The transformation is legal.
But it is also human.
That is why the public should not only watch the famous cases. The famous cases are often the doorway, but the quieter cases are where the system reveals its habits.
A nationally watched murder prosecution may show how the court handles media attention.
A domestic-violence murder trial may show how the court handles brutality without glamour.
A crypto torture case may show how the court handles wealth and danger.
A survivor’s case may show how the court handles trauma, credibility, and institutional self-protection.
Together, they show the machinery.
And right now, a lot of that machinery is moving through Carro’s courtroom.
The Public Should Watch the Pattern, Not Just the Spectacle
The danger of high-profile criminal law is that the public gets hypnotized by the defendant.
Mangione becomes a symbol.
The crypto defendants become tabloid characters.
Argro becomes a conviction headline.
Azsia Johnson becomes a victim remembered most clearly by those who loved her.
But the larger question is not only who did what.
It is how the system decides what can be heard, what can be seen, what can be suppressed, what can be admitted, who waits at Rikers, who gets bond, who gets believed, who gets flattened, and who gets turned into a record.
That is the story.
That is why Carro’s courtroom deserves scrutiny.
Not because one judge is the whole system.
Because one courtroom can reveal the system.
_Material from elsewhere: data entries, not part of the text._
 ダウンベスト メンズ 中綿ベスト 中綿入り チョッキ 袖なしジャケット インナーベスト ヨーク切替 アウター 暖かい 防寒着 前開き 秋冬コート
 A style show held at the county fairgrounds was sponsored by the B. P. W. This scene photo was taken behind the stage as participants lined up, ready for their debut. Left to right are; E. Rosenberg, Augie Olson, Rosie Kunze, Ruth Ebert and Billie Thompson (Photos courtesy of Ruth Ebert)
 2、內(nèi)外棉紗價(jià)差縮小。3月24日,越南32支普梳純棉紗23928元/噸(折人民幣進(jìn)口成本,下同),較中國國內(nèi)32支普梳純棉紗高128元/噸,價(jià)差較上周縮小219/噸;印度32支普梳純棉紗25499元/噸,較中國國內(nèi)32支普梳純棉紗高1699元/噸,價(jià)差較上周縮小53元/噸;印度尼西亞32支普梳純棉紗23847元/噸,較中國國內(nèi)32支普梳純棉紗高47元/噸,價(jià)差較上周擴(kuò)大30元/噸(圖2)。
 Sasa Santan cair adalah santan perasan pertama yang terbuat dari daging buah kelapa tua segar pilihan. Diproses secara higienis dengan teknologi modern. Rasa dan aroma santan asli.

And this week, between Mangione, Argro, the crypto case, and the echoes of my own experience before the same judge, 100 Centre Street is not just processing cases.
It is exposing the machinery.
The question is whether the public is willing to watch closely enough to see it.
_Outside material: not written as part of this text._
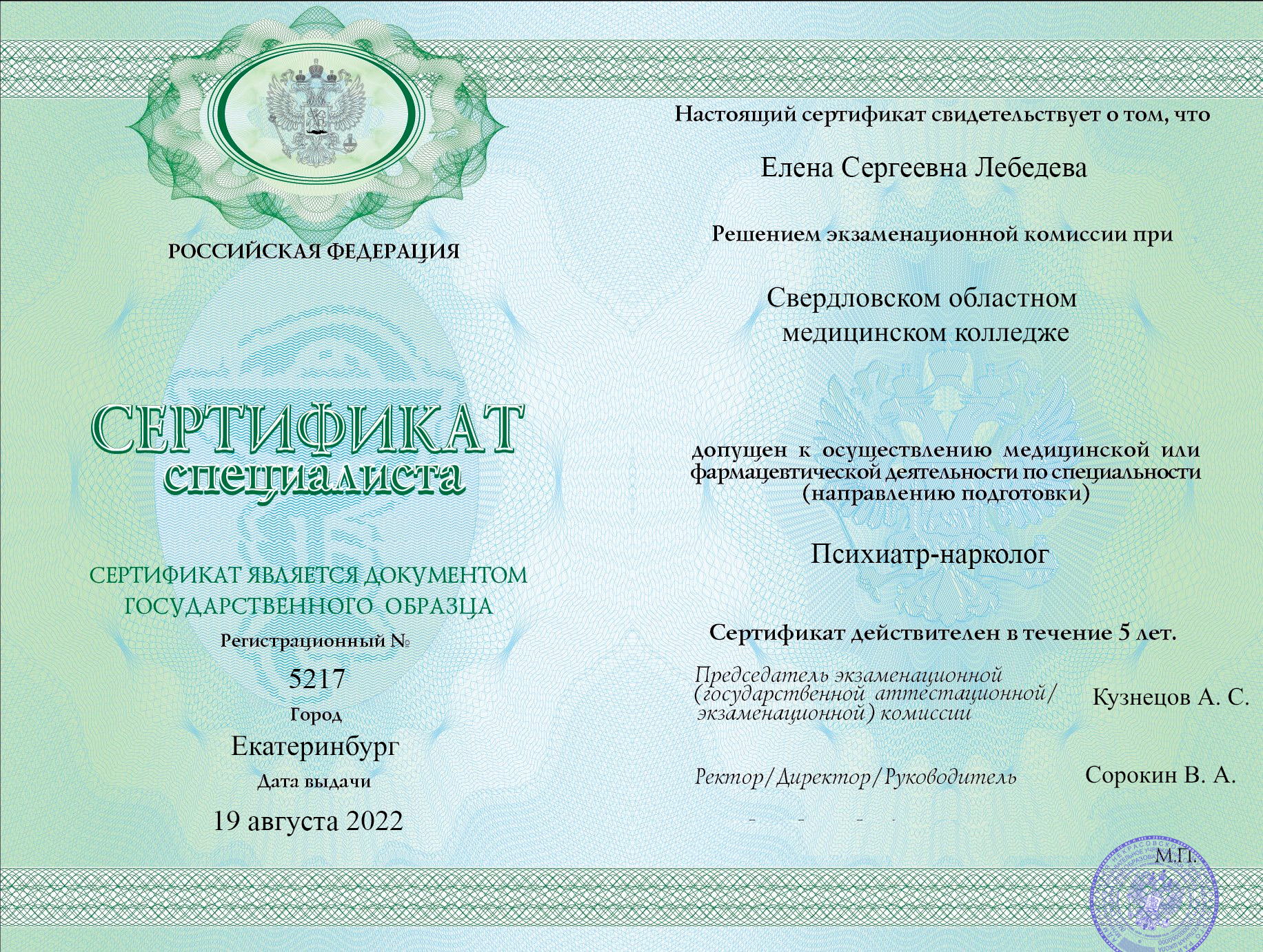 Елена Сергеевна Лебедева врач нарколог клиники доктора Стукаловой в Яе

*Michele Evans is an independent journalist, author, and former ESPN technical producer whose work has appeared in The New York Times.
Michele got her start in 2001 covering the NBA and NFL.
She now covers New York City courts, criminal-justice procedure, NYPD, FDNY, domestic-violence systems, media accountability, public safety, advocacy efforts, and New York civic life through courthouse observation, public records, legal analysis, and lived-experience reporting.